Por Luciano Mendes*
Outro dia, enquanto caminhava pela praia de Boa Viagem, no Recife, me pus a observar os trabalhadores e trabalhadoras do mar. Era final de uma tarde de domingo. Havia chovido quase todo o dia e o sol se abrira à tarde. O momento que cheguei era o da desmontagem do comércio da praia, que, como sempre, funcionara o dia inteiro, apesar das intempéries do tempo. Havia, ali pelas 17h30 ou 18 horas, uma profusão de pessoas indo e vindo, num frenesi de cadeiras, sombrinhas, mercadorias e carroças.
Quem conhece Boa Viagem sabe que o comércio de praia (vamos chamá-lo assim) e, logo, os trabalhadores e as trabalhadoras do mar, se distribuem desigualmente pela orla. Enquanto os quiosques de alvenaria e os ambulantes ficam ao longo da enorme orla que vai do Pina a Jaboatão, as pessoas que têm barracas fixas para a venda comidas e bebidas na beira da praia, inclusive com aluguel de mesas e cadeiras, se concentram sobretudo lá onde os arrecifes supostamente impedem os ataques dos famosos tubarões. Era justamente por ali que eu caminhava.
Enquanto os últimos banhistas – últimos é sempre uma figura de linguagem – se retiravam e as primeiras pessoas vestidas para o passeio noturno do calçadão chegavam, os trabalhadores e as trabalhadoras juntavam e embalavam seus instrumentos de trabalho. Trabalhavam em turmas ou, no mínimo, duplas. Não vi nenhuma pessoa trabalhando solitariamente. Homens e mulheres, em sua maioria jovens, se revezam, ainda que quem “mande”, ao que parece, sejam as pessoas mais velhas.
Observo que, enquanto trabalham, brincam, mesmo depois de um longo dia de trampo. Mas há vigilância também: num canto, alguém faz a conta, anota o que foi vendido e o que sobrou. A contabilidade é a alma do negócio!
Parece haver uma estratificação na distribuição das barracas ao longo da orla. Há também entre as pessoas que trabalham. Em algumas, turmas organizam as cadeiras, as sombrinhas e as bebidas que sobraram, colocando tudo em carroças de mão. Outras organizam em veículos que, aparentemente, estão muito rodados, por assim dizer. Já algumas poucas pessoas, contam com modernas picapes com carretinhas especialmente construídas para aquele tipo de transporte.
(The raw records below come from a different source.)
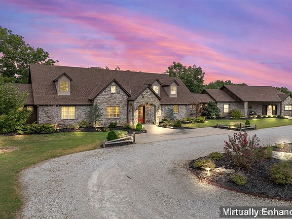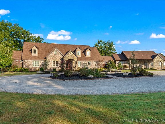 Large gated on over 6 acres that features 2 stocked ponds , gun range, Large Metal Shop, outdoor pool, 50 amp motorhome hookup. Animals approved. The Home has 4 large bedrooms, 3 full & 2 half bathrooms with a bonus bedroom off the garage and another bonus room that could be used as 6th bed/storage/hobby room. This home boasts a large living room & a separate dining room, both with beautiful wood beams & fireplaces along with a beautiful theater room with all the equipment and a stocked bar area perfect for entertaining. Home also has an indoor safe room, a workout room with mirrored walls, a separate office/hobby room, permanent outdoor lighting (for Christmas as well) & storage galore! The attached guest house can be used as a bar or gathering space or a mother-in-law suit as it has 1 bedroom, 1 bathroom, with a full kitchen, living space, laundry room & has private access to the driveway, backyard with pool. Less than 30 minutes to downtown Tulsa or Broken Arrow. OWNER FINANCING AVAILABLE - OWNER IS A LICENSED BROKER IN OKLAHOMA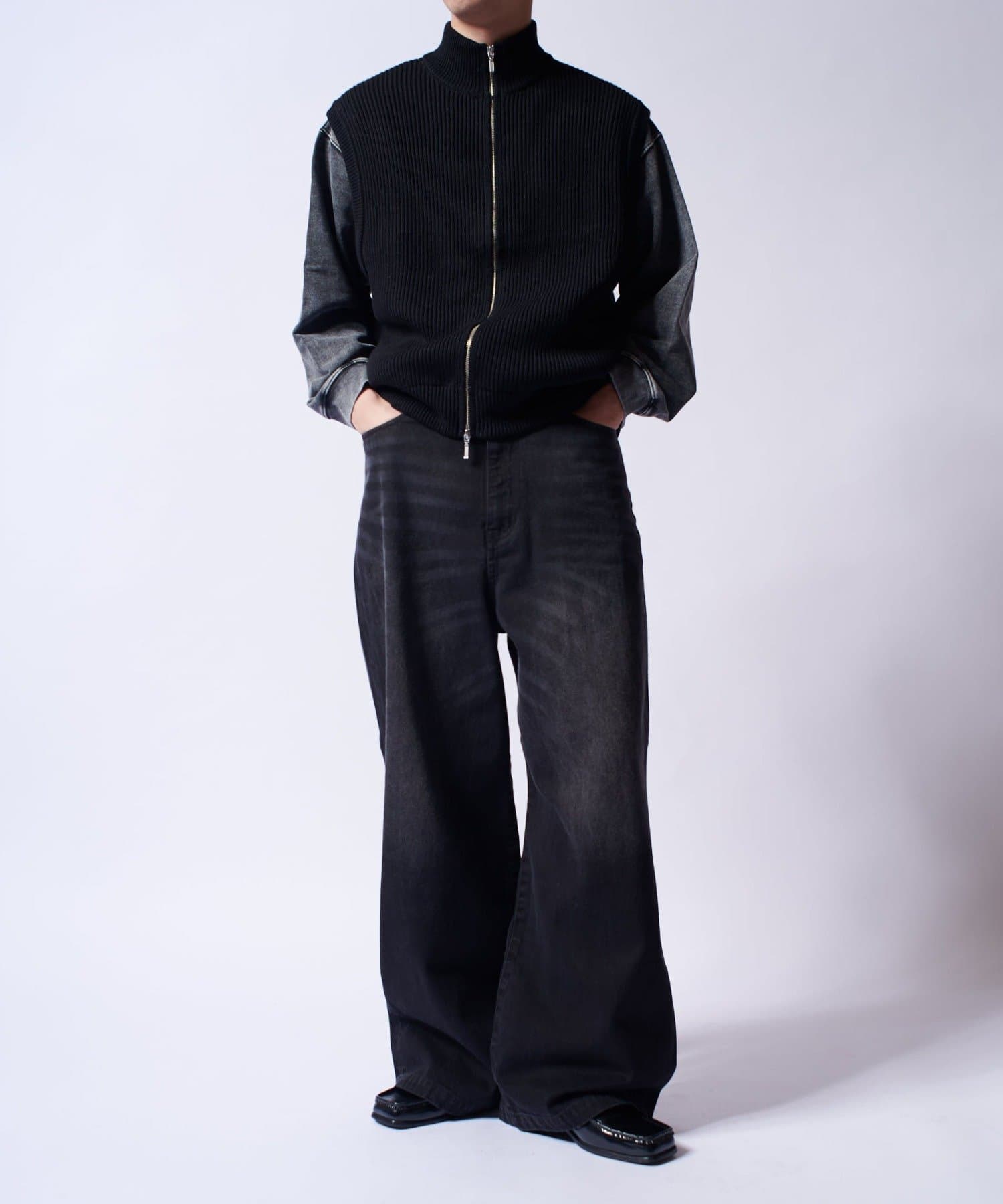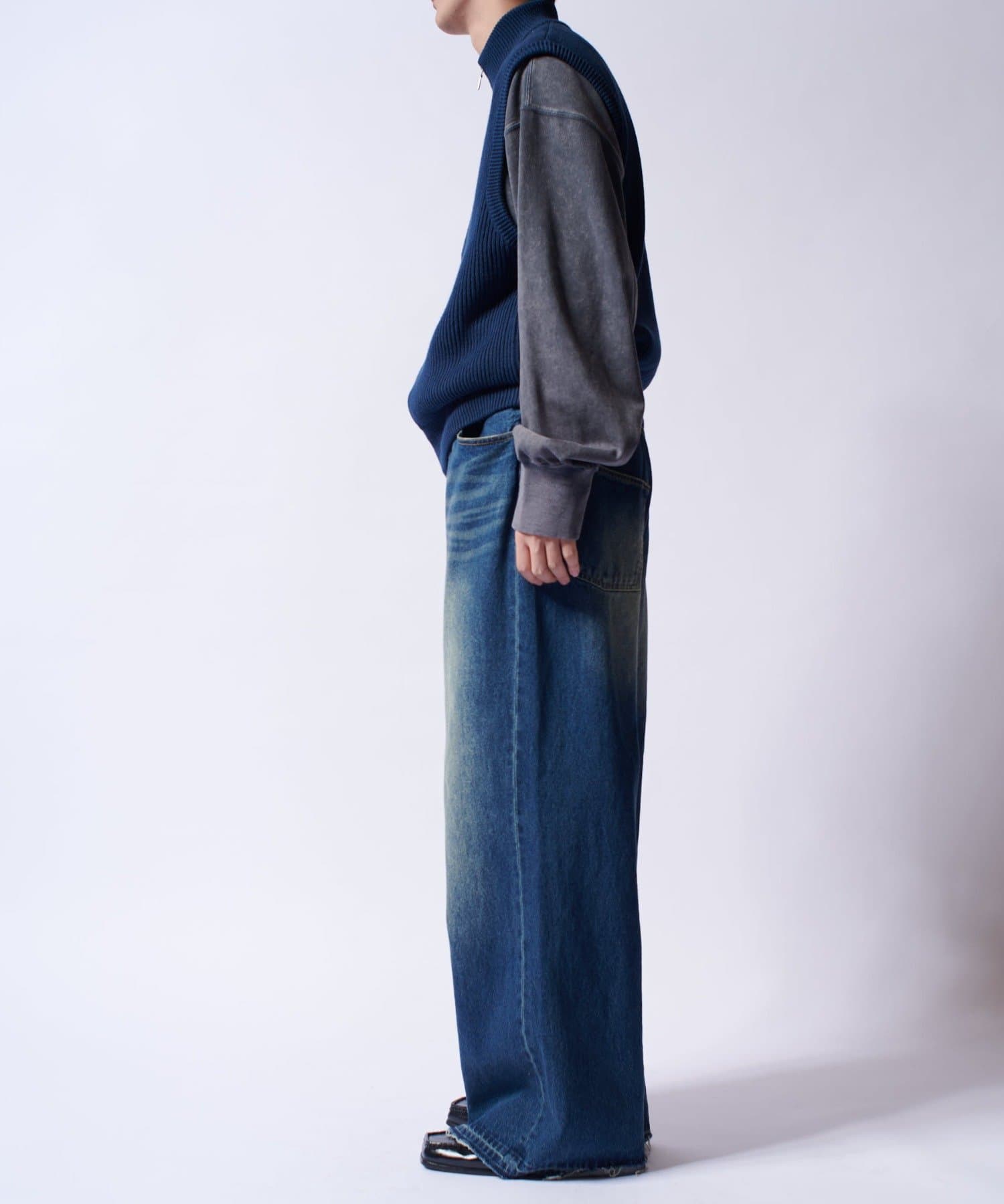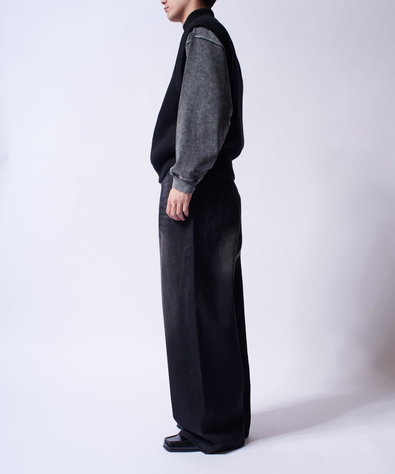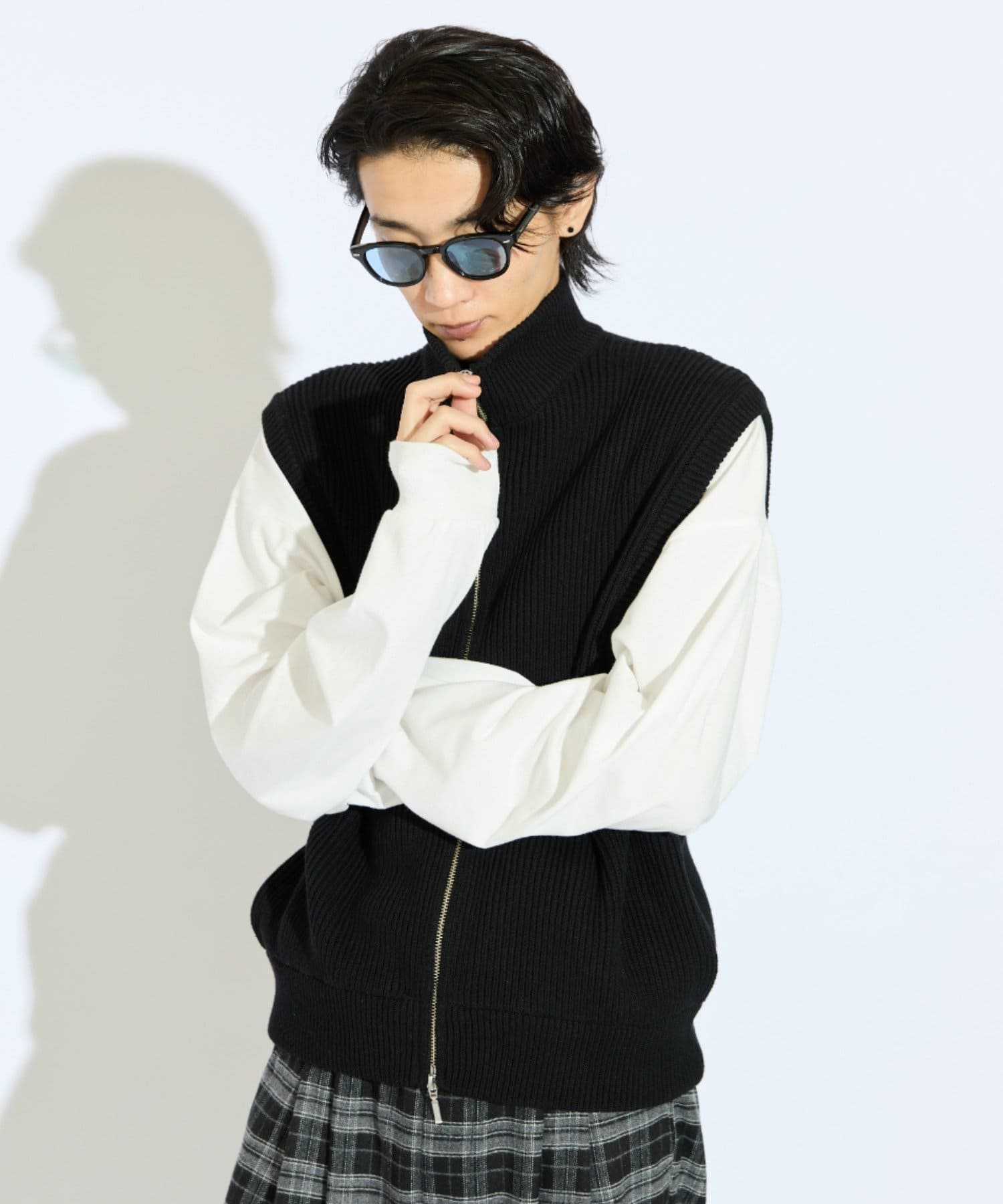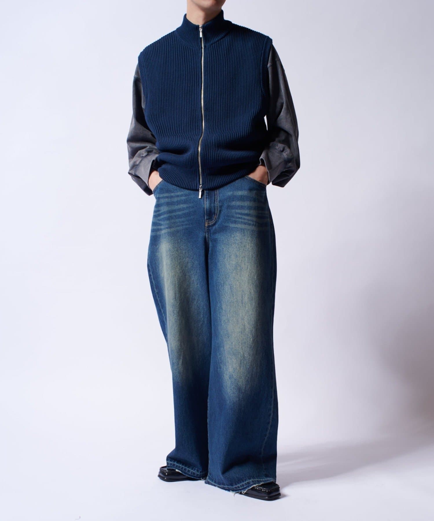 レイヤードしやすいニットベストなので、Tシャツやスウェットの上から、逆にアウターのインナーして頂くことも可能。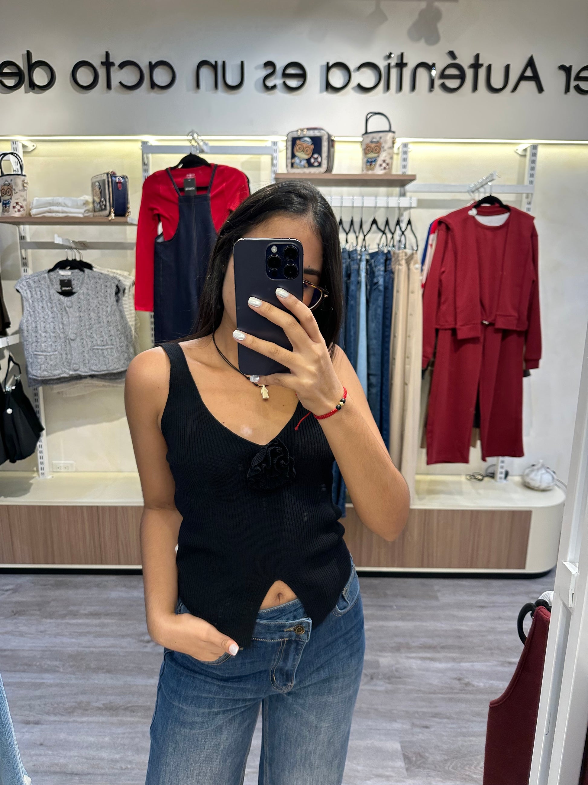 Descripción: Top con detalle de flor y tela tipo acanalada.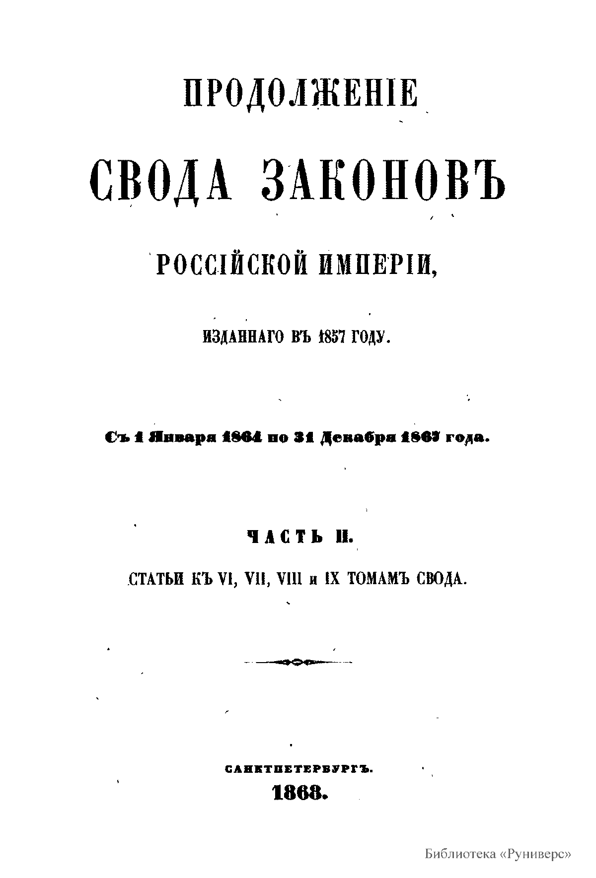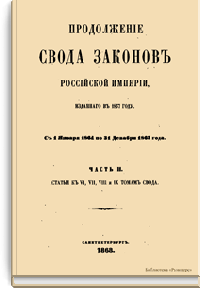 Продолжение свода законов Российской империи, изданного в 1857 году. С 1 января 1864 по 31 декабря 1867 года. Часть II. Статьи к VI, VII, VIII и IX томам свода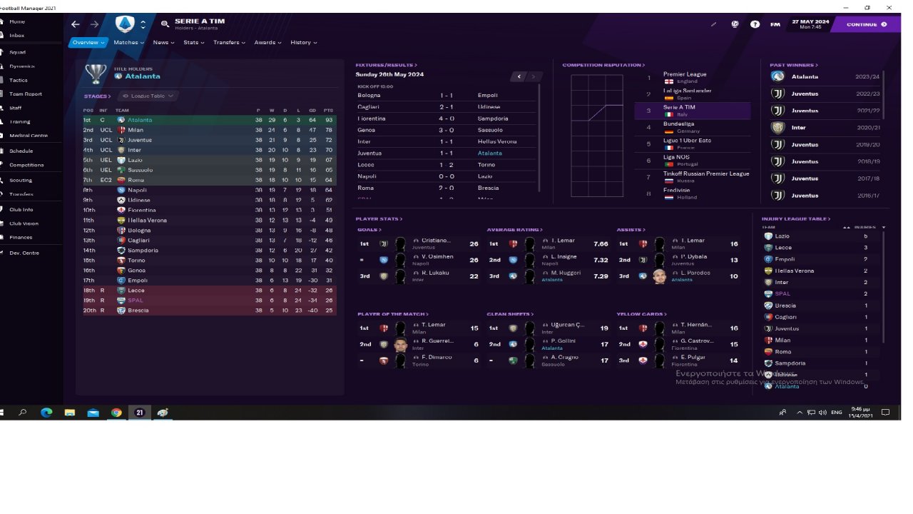 in my first season in atalanta! super result! I prefer right foot (amr) left foot (aml)! 80% of the matches were played with the tactic 4-2-3-1! there is another 4-2-2-2-0 tactic that I put in some matches that I wanted to play more defense! I will upload both tactics!

Observava aquele frenesi, aqueles corpos diversos – mas quase todos negros – trabalhando, e pensava sobre como haviam chegado até ali. Que trânsitos, no tecido urbano e na tessitura da vida, haviam feito para estarem ali, justamente naquele momento. Com estas interrogações na cabeça pensava no mar como lugar de trabalho para tanta gente.
A praia, o mar, lugar de tantos encontros, ainda que em meio a tantos desencontros, lembrando também o poeta, é quase sempre vista como lugar de recreação ou, mais contemporaneamente, de lazer – este espaço-tempo fundado sob o império do capital que a tudo submete aos seus desígnios, inclusive o tempo de não-trabalho. Mas não-trabalho para quem, cara pálida?
Antes que eu pensasse duas vezes, lá estavam outros trabalhadores do mar, homens, todos homens, negros, da Autarquia de Manutenção e Limpeza Urbana do Recife, a Emlurb. De apetrechos na mão, recolhiam o lixo, corriam e, enquanto trabalhavam, brincavam também. Uns com os outros, outros com o um, com as pessoas que passavam, com as dificuldades da lida, brincavam e sorriam.
Ao final da minha caminhada, já quase no final dos arrecifes protetores, me deparo com uma roda de trabalhadores do mar. Estão em volta de um vendedor de caldinhos que, pacientemente, os atende e anota, numa caderneta, o que parece ser o consumo de cada um. Era outro trabalhador que chegava para um novo turno de trabalho e, ao fazê-lo, em seus instrumentos e modos, atualizava antiguíssimas tradições.
Tradições. Passados recompostos, descompostos, bem ali. E minhas memórias vêm ao meu socorro, ou perdição, e me lembro de Vitor Hugo e seu Os Trabalhadores do Mar. E me vi perguntando com o que sonham e a quem amam os trabalhadores e as trabalhadoras do mar do Recife. Terminei minha caminhada com a nítida impressão de que há mais coisas ali, naquela complexidade, que eu, nem de longe, conseguia perceber. Mas não é sempre assim?
*Luciano Mendes de Faria Filho é pedagogo, doutor em Educação e professor da Universidade Federal de Minas Gerais (UFMG). Ele assina a coluna Cidade das Letras: literatura e educação, do Brasil de Fato MG.